WHAT IS NEEDED » The listing below holds a line with "Iogear 4-port (4-in" and a later line with "High resolution picture, free". Write out those two lines and every line between them, exactly, and nothing else.

EXTRACTED ENTRIES »
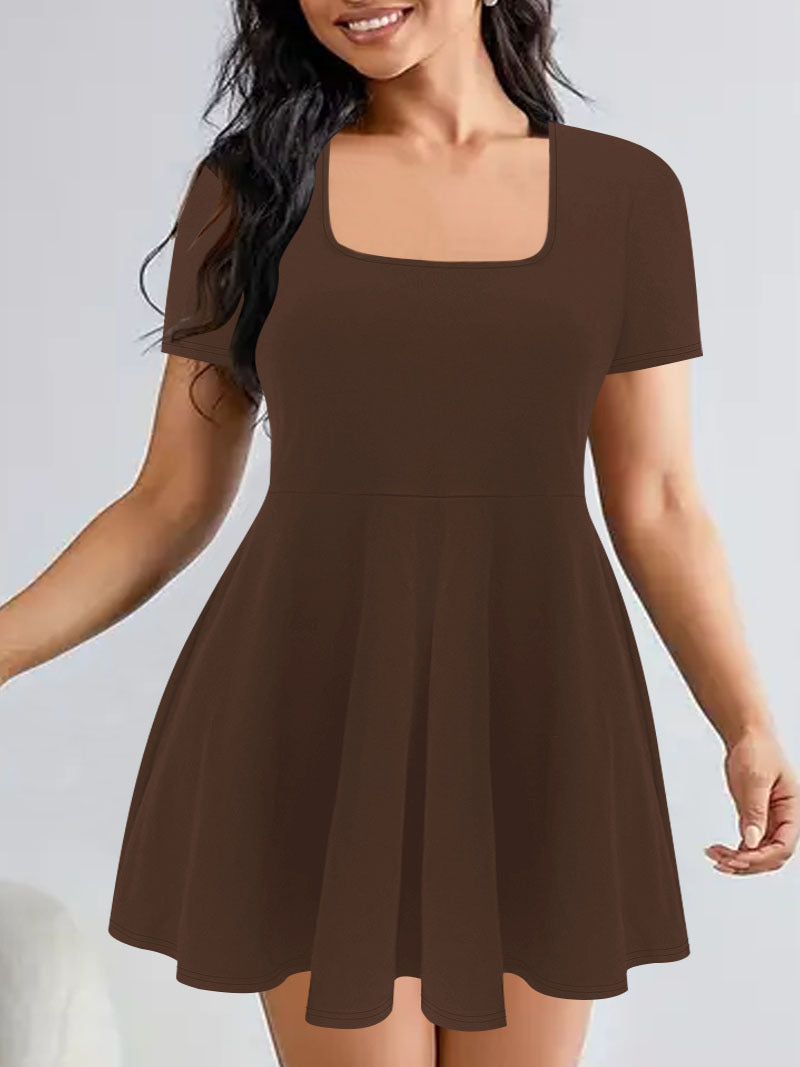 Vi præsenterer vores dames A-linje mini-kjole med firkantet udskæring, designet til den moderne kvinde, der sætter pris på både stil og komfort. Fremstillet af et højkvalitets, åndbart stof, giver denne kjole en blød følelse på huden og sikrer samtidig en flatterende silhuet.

---

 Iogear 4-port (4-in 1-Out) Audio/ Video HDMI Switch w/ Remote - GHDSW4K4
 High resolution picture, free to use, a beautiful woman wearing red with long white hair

...

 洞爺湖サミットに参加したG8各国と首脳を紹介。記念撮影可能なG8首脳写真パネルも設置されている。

REPLY TO THE EXERCISE »
 Iogear 4-port (4-in 1-Out) Audio/ Video HDMI Switch w/ Remote - GHDSW4K4
 High resolution picture, free to use, a beautiful woman wearing red with long white hair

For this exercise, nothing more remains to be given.